Je pensais pouvoir la protéger,
Je croyais même le devoir,
Puisqu’à Elle, intimement liée.
Et Je l’emmurais, sans le savoir,
Dès ces plus jeunes années, je l’estimais,
Fragile, sensible et déjà blessée,
Alors que sa vie, à peine, débutait,
De tout, Je la tenais à l’écart, cachée,
De vêtements trop larges sur Elle pour ses formes,
Pour assurer l’absence d’avides autant qu’acides regards,
A l’obéissance, sèchement éduquée, de la norme,
Elle frôlait les murs, l’esprit rebelle silencieusement bavard,
Mille paroles dérangeantes, par crainte de déplaire, retenues,
Un corps encombrant, d’un genre à risque, né pour en démordre,
Sa vision décalée du Monde visible malvenue,
Et la menace d’une punition, quand elle parlait de désordre,
Une enfance d’impuissance, à sauver l’animal domestiqué,
Elle, sauvage mais bien cadrée, qui fuyait ses pairs,
Des refuges faits de cages même pas fermées à clés,
Prisonnière innocente, dépourvue de repère,
Je pensais pouvoir la guider,
Je croyais ainsi la guérir,
De cette douleur insondée,
Qu’aucune âme humaine ne savait adoucir,
Puisqu’elle est ma seule intime amie,
Depuis toujours, je voulais être là,
Farouche défenderesse non affranchie,
Et je creusais sa tombe, sans éclat,
Plus d’une fois, Elle prit le dessus sur moi,
Et de par sa sagesse, nous sauvas la peau,
A flanc de divers émois, d’extrêmes guingois,
Nous basculions entre cruelle terreur et profonde joie,
A-t-il fallu que je risque de la perdre à ses trente ans,
Innocemment, sans possible marche arrière,
Nous étions là, vivantes mais abattues par combat pesant,
Ultime alarme pour me réveiller de ce questionnement délétère,
Sans plus de force dans nos viscères pour protester,
Nous étions allongées, branchées, côte à côte,
Enfin stoppées dans cette course, bêtement empêtrées,
Sur ce drap froid, de l’une ou de l’autre, à compter les fautes,
Je craignais m’être trompée,
Je feignais encore y croire,
Pouvais-je seulement encore décider,
Réduite au fantôme pour reflet dans le miroir…

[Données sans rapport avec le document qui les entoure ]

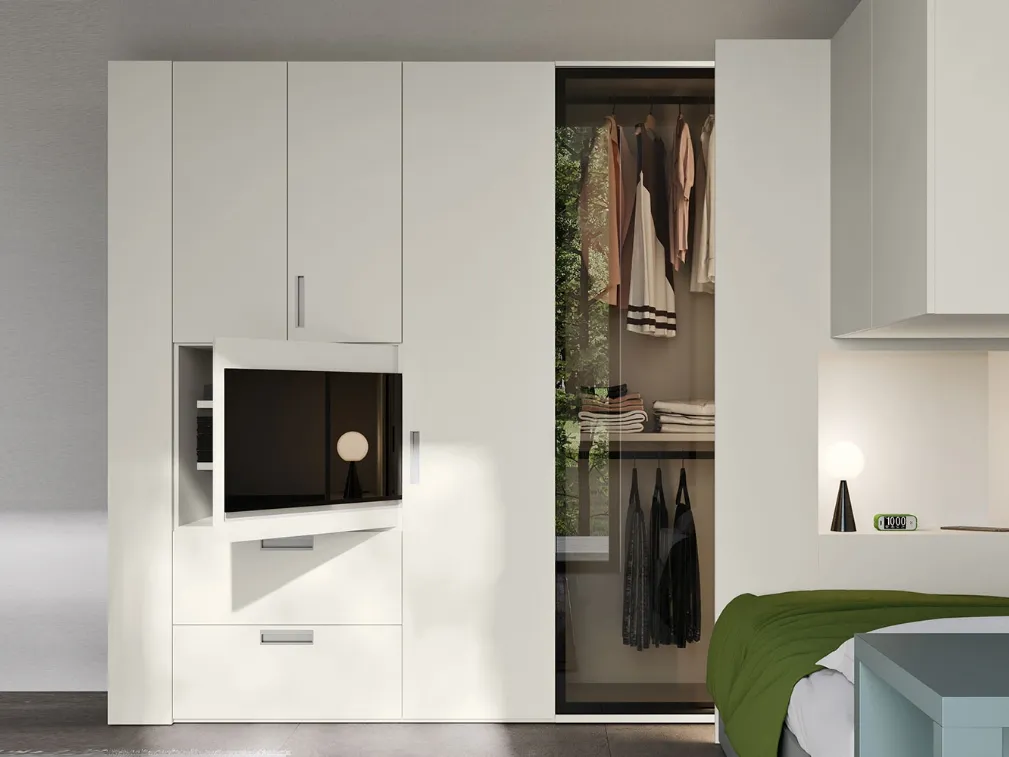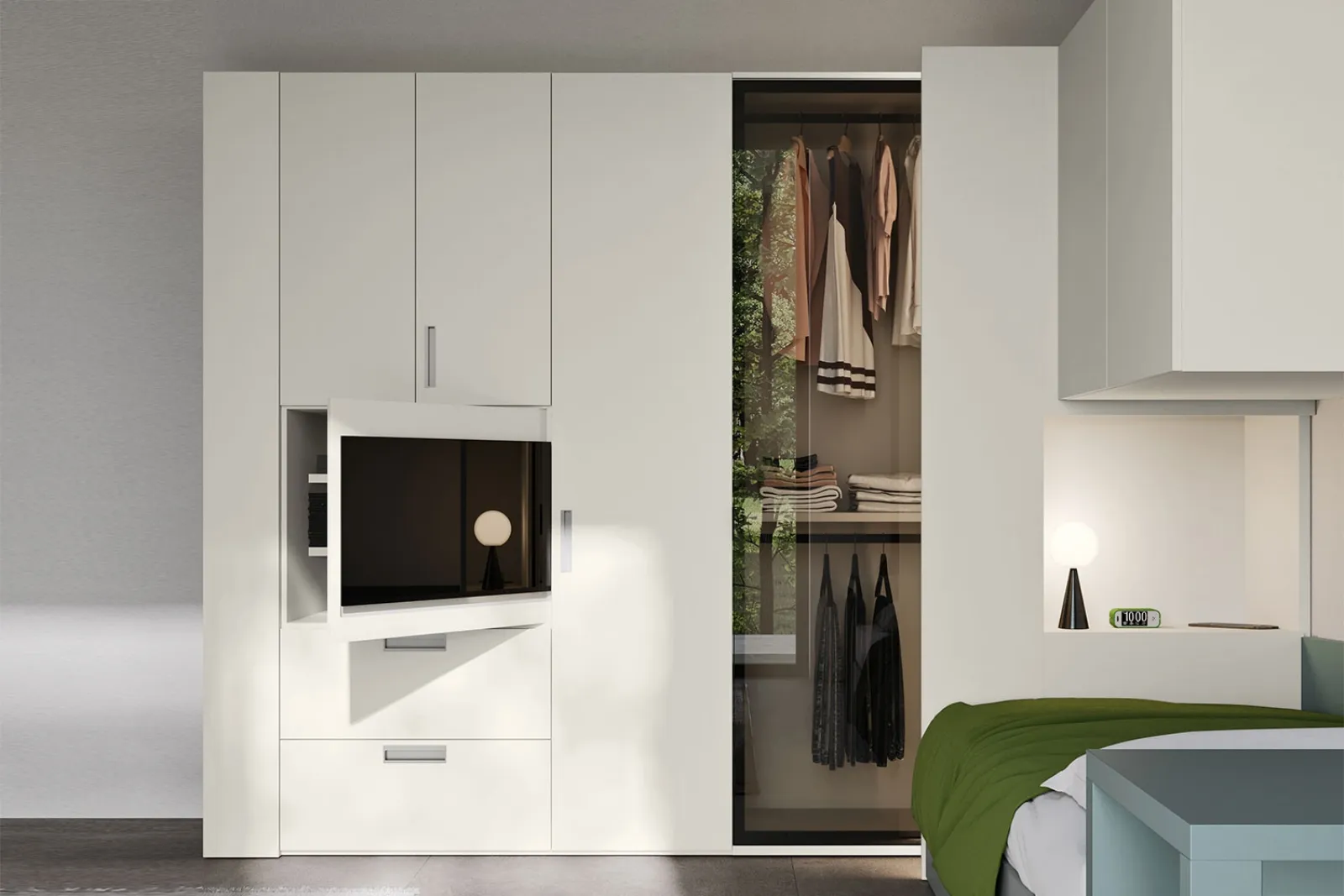 Se desideri armadiature a ponte con ante battenti, clicca e scopri l'armadio Visual TV di Clever in laccato opaco.

Je ne le savais pas encore alors, pleine de croyances infusées,
Risquant, à cœur défendant, de mourir de la peur de vivre,
Mais aujourd’hui, je dis merci bien fort à l’épreuve traversée,
Ce chapitre écrit à quatre mains pour un seul Grand Livre,
Depuis, mon amie et Moi écrivons de nombreux paragraphes à rebonds,
D’une plume faussement grave ou d’une mine éphémère,
Nos langages sont peu compatibles sans traduction,
Mais nous avons saisis ce lieu de rencontrer où tout se fond,
Un espace vibrant dans le point de jonction entre notre naissance et l’Univers,
Un seul mot, qui ouvre la porte à Qui je Suis, qui dit Oui,
Infusant mes méandres jusqu’à leur complète révolution dans les airs,
Une zone franche devenue merveille de la Création, la Vie.